**The problem**
If a line in the listing below holds the word "have", it counts toward the total; report that total alone.

**Data for analysis**
# # #
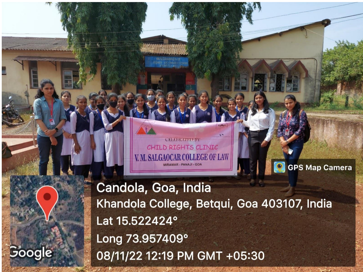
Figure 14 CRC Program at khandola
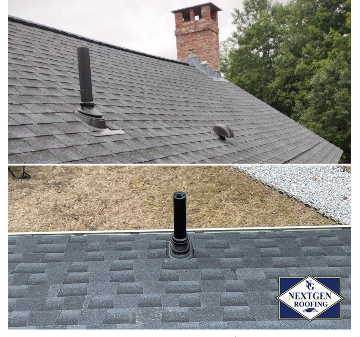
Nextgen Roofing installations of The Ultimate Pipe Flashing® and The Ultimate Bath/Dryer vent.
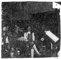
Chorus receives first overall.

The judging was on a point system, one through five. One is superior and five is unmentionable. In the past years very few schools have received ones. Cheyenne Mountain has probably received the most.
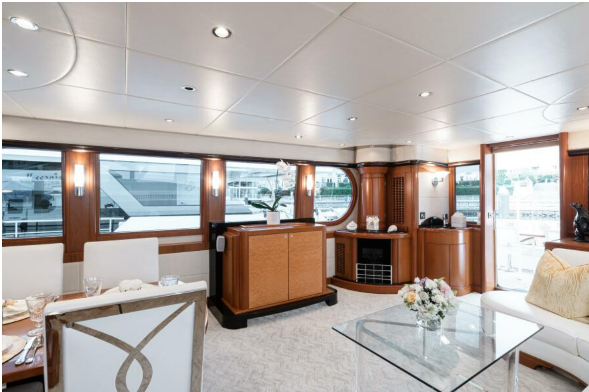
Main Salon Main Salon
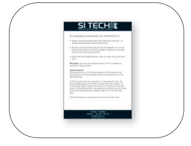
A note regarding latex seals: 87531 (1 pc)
# # #
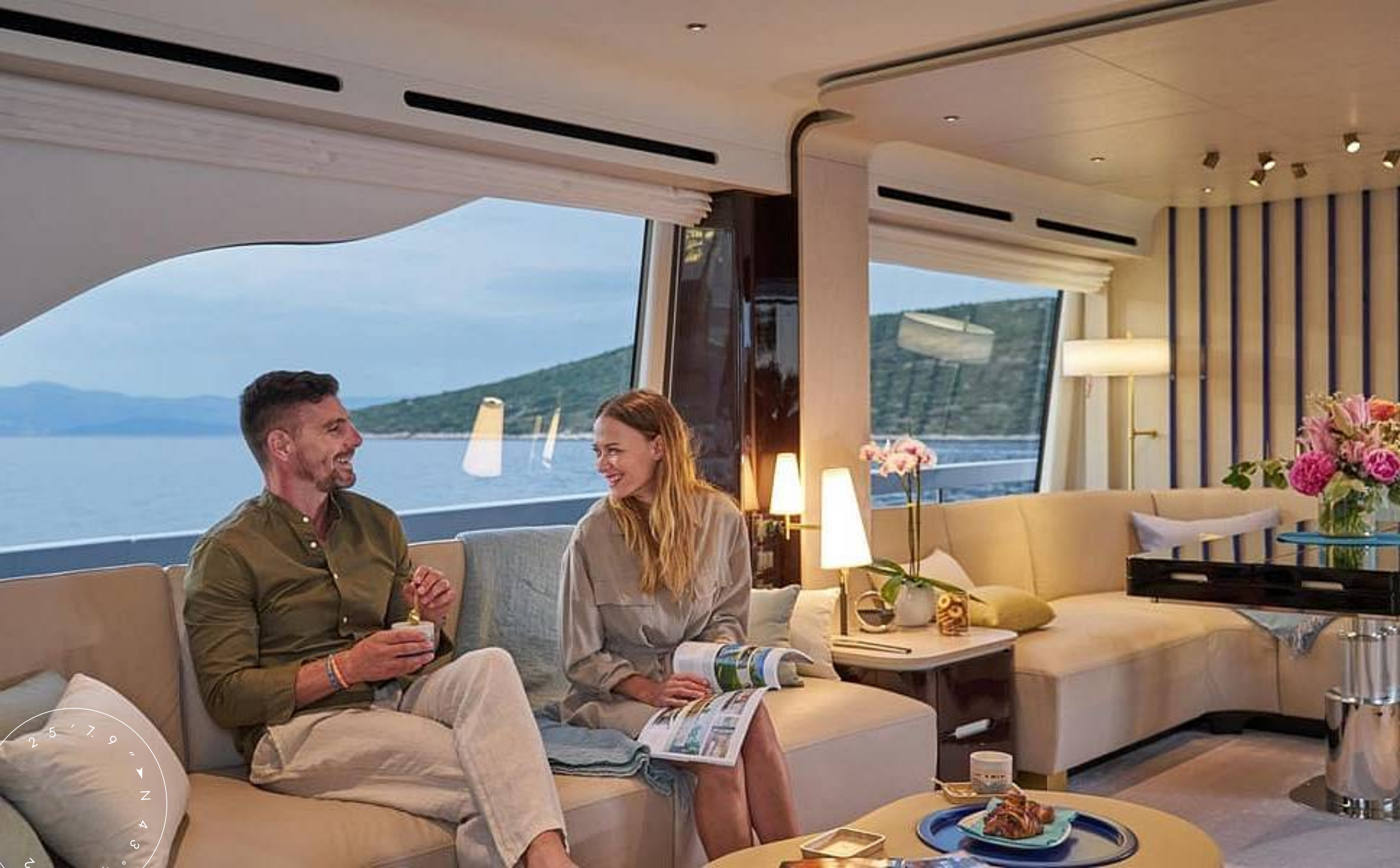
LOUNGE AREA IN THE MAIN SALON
# # #
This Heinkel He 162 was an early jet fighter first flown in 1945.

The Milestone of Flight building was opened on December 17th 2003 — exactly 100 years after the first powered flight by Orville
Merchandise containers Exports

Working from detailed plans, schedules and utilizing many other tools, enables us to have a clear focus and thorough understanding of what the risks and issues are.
# # #
**Output**
2